In this protocol, we describe methodologies used in the Nature Medicine manuscript “Subtypes of Pancreatic Ductal Adenocarcinoma and their Differing Response to Therapy”. Herein, we describe the computational pipeline used to identify subtypes of pancreatic ductal adenocarcinoma and their associated gene signature using integrated analysis of various gene expression profiles with clinical outcome.

Introduction

Pancreatic ductal adenocarcinoma (PDA) is an invariably lethal disease. There is variable and often disappointing responses seen when deploying the standard treatment, gemicitabine alone or in combination with other chemotherapeutic agents in unselected PDA populations. Seeking to extend the new paradigm of personalized medicine to PDA, we performed an integrative analysis of transcriptional profiles of human primary PDA tumors (n = 143) and cell lines (n = 35). We have defined 62 gene (PDAssigner) signature that classifies the human PDA tumors into three subtypes (classical, QM-PDA and exocrine-like tumors) and present evidence that two (classical and QM-PDA) of these three are present in human and mouse PDA cell lines. Interestingly, we found that PDA subtype classification is an independent predictor of overall survival, and patients with classical PDA subtype tumors have significantly better survival than those with QM-PDA tumors. Intriguingly, treatment of PDA cell lines with gemcitabine or erlotinib shows significantly differential and opposing responses between classical and QM-PDA subtypes. Herein, we describe computational protocols for a broadly integrative approach to subtype discovery in cancer and analysis that identifies gene expression signature with prognostic and possible predictive significance in primary patient samples.
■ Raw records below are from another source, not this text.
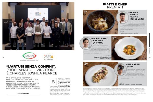 Nell ' immagine di apertura, in prima fila, gli Chef finalisti: da sinistra, Francisco Javier Barrachina Martinez( Spagna), Mohamed Touali( Marocco), Nour Elhayat Maaffer( Marocco), il vincitore Charles Joshua Pearce( Inghilterra), Mina Karimi( Iran), con alle sue spalle, Emin Haziri( Kosovo), Niko Lin Wentao( Cina). In seconda fila, da sinistra: Francesco Briglia, Direttore Italian Gourmet; Elena Bacchini, Direttrice Marketing Surgital; Andrea Bino, Marketing Manager Surgital; Luca Marchini, Chef Patron L’ Erba del Re e Presidente di giuria; Martina Liverani, giornalista e scrittrice; Matteo Milandri, Chef di Casa Artusi; Chiara Galbiati, Direttore di Smart per lo sviluppo progetti di valorizzazione della cultura artusiana; Fabio Lorenzoni, Chef Coordinator del team De Gusto ® Surgital; Andrea Gianotti, Coordinatore del Corso di Laurea in Scienze e Cultura della Gastronomia dell’ Università di Bologna.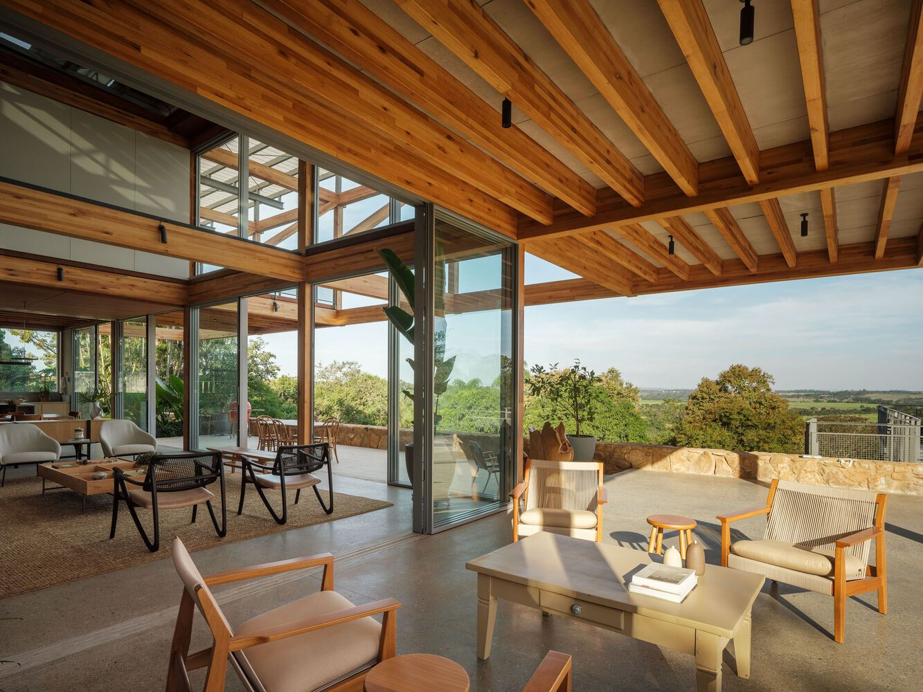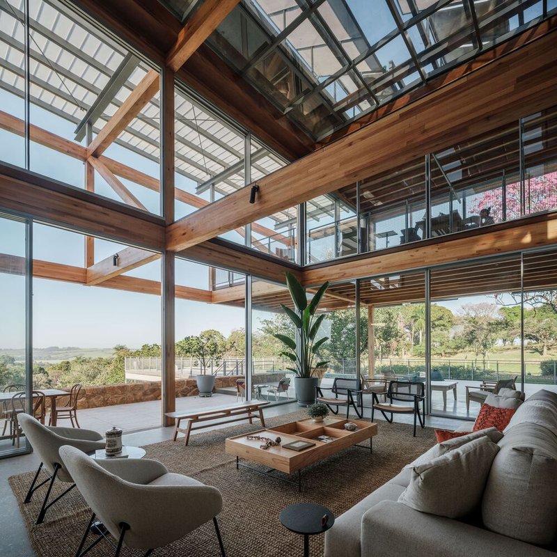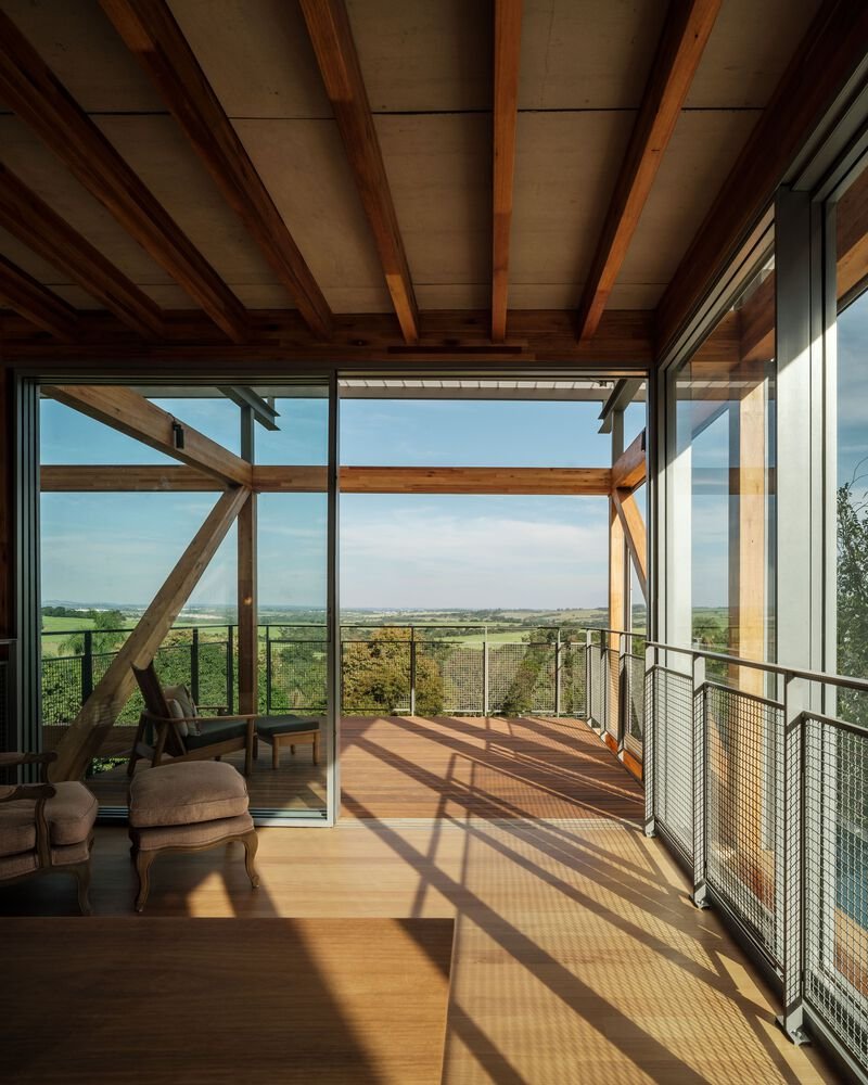 The cantilevers create a unique architectural aesthetic while offering panoramic views of the surrounding valley. This innovative use of GLT reflects a commitment to sustainability and modern construction techniques, ensuring durability and environmental responsibility.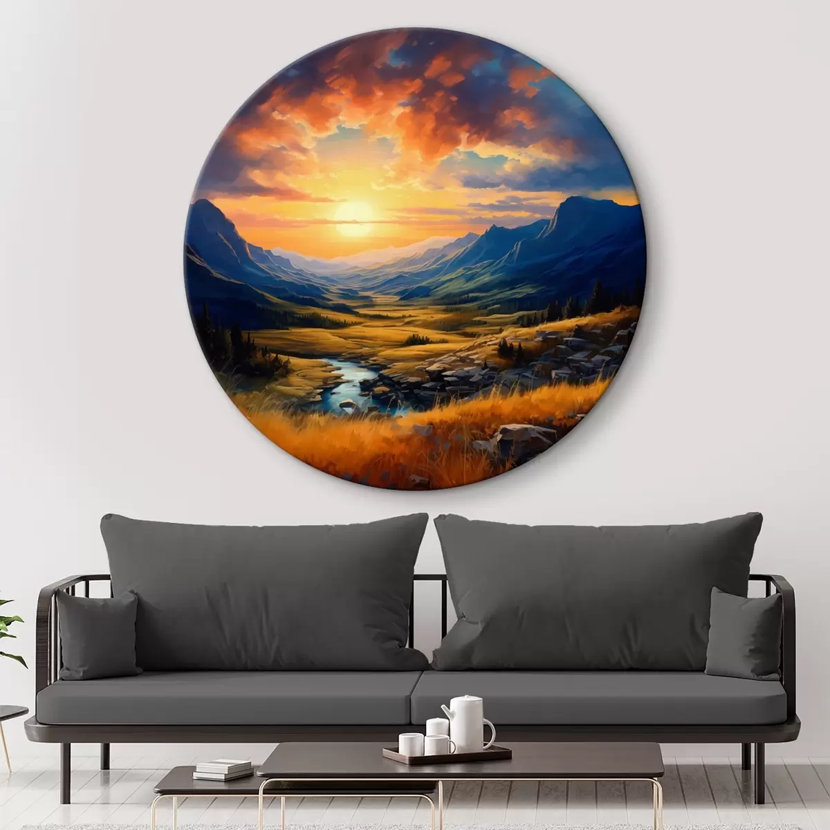 Okrągły obraz Krajobraz górski o zachodzie słońca Nr r43378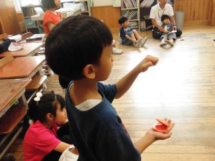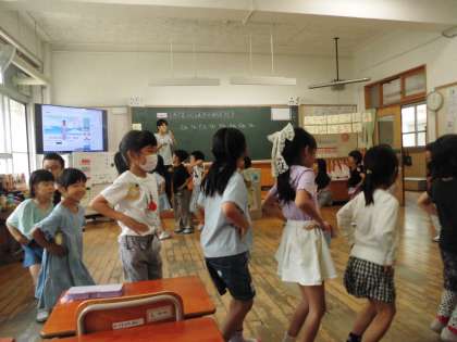 今日の音楽は「拍にのってリズムを打とう」という学習でした。手拍子やカスタネットを使ってリズムを打ったり,みんなで【白くまのジェンカ】を楽しく踊りました。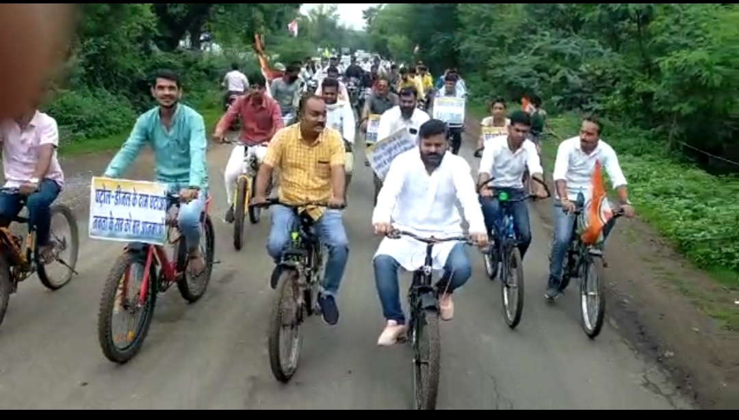 -पेट्रोल और डीजल के दामों में लगातार वृद्धि के विरोध में मंगलवार को युवा कांग्रेस ने लगभग 500 युवाओं के साथ जन आक्रोश साईकिल रैली निकाल कर विरोध प्रदर्शन किया। भारतीय युवा कांग्रेस कमेटी के आह्वान पर केन्द्र की मोदी सरकार पर आपदा में अवसर तलाशते हुए पेट्रोल व डीजल के दाम बढ़ाने का आरोप लगाते हुए कांग्रेसियों ने जमकर हल्ला बोला। युवा कांग्रेस विधानसभा अध्यक्ष कृपालसिंह मकवाना एवं ब्लॉक अध्यक्ष विजयपाल सिंह के नेतृत्व में कार्यकर्ता गोपेश्वर महादेव मंदिर चौबारा धीरा से एकत्रित होकर साईकिल रैली निकालते हुए नारेबाजी करते हुए साईकिल पर वाहन बिकाऊ लिखे पोस्टर लगाकर रैली निकालते इकलेरा माता मंदिर पर पहुचे। जहां पर कार्यकर्ताओं ने सरकार के खिलाफ नारेबाजी करते हुए बढ़ी डीजल-पेट्रोल के मूल्य वृद्धि का विरोध किया। पेट्रोलियम पदार्थों के मूल्य वृद्धि के खिलाफ सड़क पर उतरे कांग्रेस कार्यकर्ताओ ने जनता को लूटने का लगाया आरोप। क्षेत्रीय विधायक सज्जन सिंह वर्मा ने इस दौरान कांग्रेस कार्यकर्ताओ ने कहा कि भले ही कोरोना ने अर्थव्यवस्था को कमजोर बना दिया और लाखों लोगों ने अपनी आय में कमी देखी है, लेकिन भाजपा सरकार लोगों पर बढ़ती कीमतों का बोझ डालकर उन पर बेरहमी से प्रहार कर रही है। इस साल अकेले भाजपा सरकार ने कीमतों में 47 बार बढ़ोतरी की और पिछले साल से पेट्रोल और डीजल की कीमतों में क्रमश: 26.79 रुपये और 25.02 रुपये की वृद्धि हुई है। उन्होंने कहा कि आने वाले विधान सभा चुनाव में जनता भाजपा को सबक सिखाएगी।राष्ट्रीय सचिव मनीष चौधरी ने कहा कि जब से केंद्र में भाजपा की सरकार आई है तब से लगातार देश में महंगाई बढ़ रही है। रसोई गैस में जिस तरह से बेतहाशा वृद्धि की गई है उससे परिवार का बजट बिगड़ गया है। युवा कांग्रेस जिलाध्यक्ष जितेंद्र सिंह गौड़ ने कहा कि कांग्रेस पार्टी हमेशा देश के नागरिकों के साथ खड़ी रही है और वह भाजपा सरकार को लोगों पर और प्रहार नहीं करने देगी। कोरोना प्रोटोकॉल का पालन करते हुए कांग्रेसी नेता नियमित रूप से तेल की कीमतों में अनुचित वृद्धि के खिलाफ पूरे भारत में लगातार विरोध प्रदर्शन कर रहे हैं। पट्रोल डीजल के दामों में मोदी सरकार खुलेआम जनता को लूट रही है। युवा कांग्रेस इसको कभी भी सहन नहीं करेगी। उन्होंने कहा कि पहले ही मोदी सरकार की नाकामी के कारण कोरोना काल मे जनता असहाय हो चुकी हैं। ऊपर से मोदी सरकार द्वारा सौपी जा रही मंहगाई कमर तोड़ रही है।इस जन आक्रोश रैली में प्रदेश सचिव अकरम खान जिला महासचिव इरफान पटेल महेंद्र सिंह, तालोद गोपालकृष्ण व्यास, चन्दरसिंह अमलातिया आरिफ पटेल , जीतू गालोंदिया रुस्तम पटेल रविंद्र भाटी, जितेंद्र धर्मेंद्र बडगूजर पांदा राजेश सरपंच रवि स

Non-Matrix Factorization Algorithm.

Instead of characterizing gene expression profiles in terms of thousands of genes, non-negative matrix factorization (NMF) attempts to find a reduced-order model that describes the principal data structures in terms of a relatively small number of coordinates. In this regard, NMF is similar to more familiar dimensionality reduction methods, such as principal component analysis, except that NMF’s non-negativity constraint produces a “parts-based” composite picture of the overall gene expression profile. It has been suggested that this composite picture lends itself to biological interpretation more readily than other dimensionality reduction methods (1).

Because the focus of NMF is to capture the principal gene patterns, it is not generally possible to recapitulate all details of the original gene expression profile based solely on the reduced-order, NMF model. That is to say there will be differences between the original profile and the recapitulated profile. Moreover, for any given data set, the reduced-order model derived from the NMF algorithm will not be unique—there will be slight differences in the model depending on the initial conditions used by the NMF algorithm to iteratively search for the best (i.e. most representative) model. However, when the gene expression clusters are well-differentiated in the data, the model will be relatively insensitive to the initial conditions used in the model search; hence differences between one model and another will be small.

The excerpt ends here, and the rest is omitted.